Data breach costs rising for unprepared organisations

US organisations face the highest costs with an average of $8.19 million per breach – up 5.3% on 2019 – driven by a complex regulatory landscape that can vary from state-to-state, especially when it comes breach notification. In the UK the figure has risen over 4%, to $3.9 million and is slightly higher than the global average after several years of tracking lower.

The average cost of each lost record has gone down slightly to $146 from $150 in 2019. The most expensive type of record to lose was customer PII records, which were involved in around 80% of breaches in the study. The least expensive record to lose was employee PII and was the least likely type of record to be lost in a breach.

Nearly 40% of the average total cost of a data breach stem from lost business –including increased customer turnover, lost revenue due to system downtime and the increasing cost of acquiring new business due to diminished reputation – increasing from $1.42 million in the 2019 study to $1.52 million in the 2020 study.

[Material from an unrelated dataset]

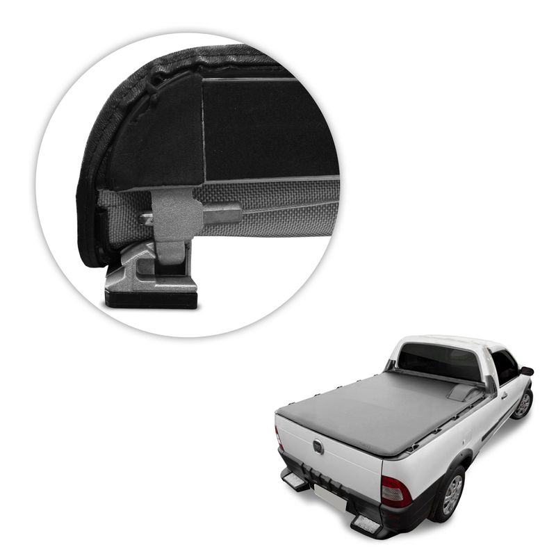 Capota Maritima Strada CS 1998 a 2013 Slim Eco A capota marítima Slim Eco, foi desenvolvida sob medida para você que procura transportar cargas, sua função vai muito além da estética, tendo como objetivo proteger do clima e assim evitando possíveis danos aos objetos carregados no interior da caçamba. Desenvolvido pela Flash Cover, fabricante com referência nacionalmente conhecida pela sua qualidade em fabricação de acessórios automotivos de alto padrão. Estrutura e sistema de travas fabricadas em alumínio injetado com encaixe trek, Sargentos em Pvc injetado super resistente,acompanha varetas transversais, mantendo a lona esticada para que não haja acúmulo de água, acabamento debrum de lona em trama de 6X6 e tensores destacáveis para maior praticidade em seu manuseio, além de possuir puxador para facilitar a abertura da capota. Instalada sobre a caçamba da pick up, utilizará furação original do veículo, sem demanda de novos furos ou adaptações para fixação do produto, sendo um acessório de modelo inigualável, de modo que não interfira na originalidade do seu veículo. Especificações Técnicas: Estrutura E Travas Em Alumínio Injetado Lona Fabricada Em Trama 6X6 Sistema Prático De Abertura Acompanha Kit Instalação Acabamento Com Debrum Tensores Destacáveis Reforçada No Encaixe Excelente Vedação Modelo Inigualável Sargento em Pvc Injetado Encaixe Trek Modelo Slim Eco Cor Preto Tabela de Aplicação: Fiat Strada 1998 Strada 1999 Strada 2000 Strada 2001 Strada 2002 Strada 2003 Strada 2004 Strada 2005 Strada 2006 Strada 2007 Strada 2008 Strada 2009 Strada 2010 Strada 2011 Strada 2012 Strada 2013 Compatível somente com a versão Cabine Simples, Sem Grade Com Gancho estepe.

While the loss of thousands of records at a time is becoming common, Equifax-level breaches involving millions of records are still relatively rare. According to IBM, a “mega-breach” of 1 million to 10 million records cost an average of $50 million, while the loss of 50 million records might cost a company $392 million.

Most industries surveyed experienced an average total cost decline year over year, with the steepest drops coming in media, education, public sector, and hospitality. However, healthcare (10.5%), retail (9.2%), and energy (14%) sectors saw an increase from 2019. The level of regulation plays a big role in what a company will pay to recover from a data breach. Heavily regulated industries such as healthcare and financial services see average costs of $7.13 million and $5.86 million respectively per incidents, while less regulated industries such as media and hospitality see average incident costs of under $2 million.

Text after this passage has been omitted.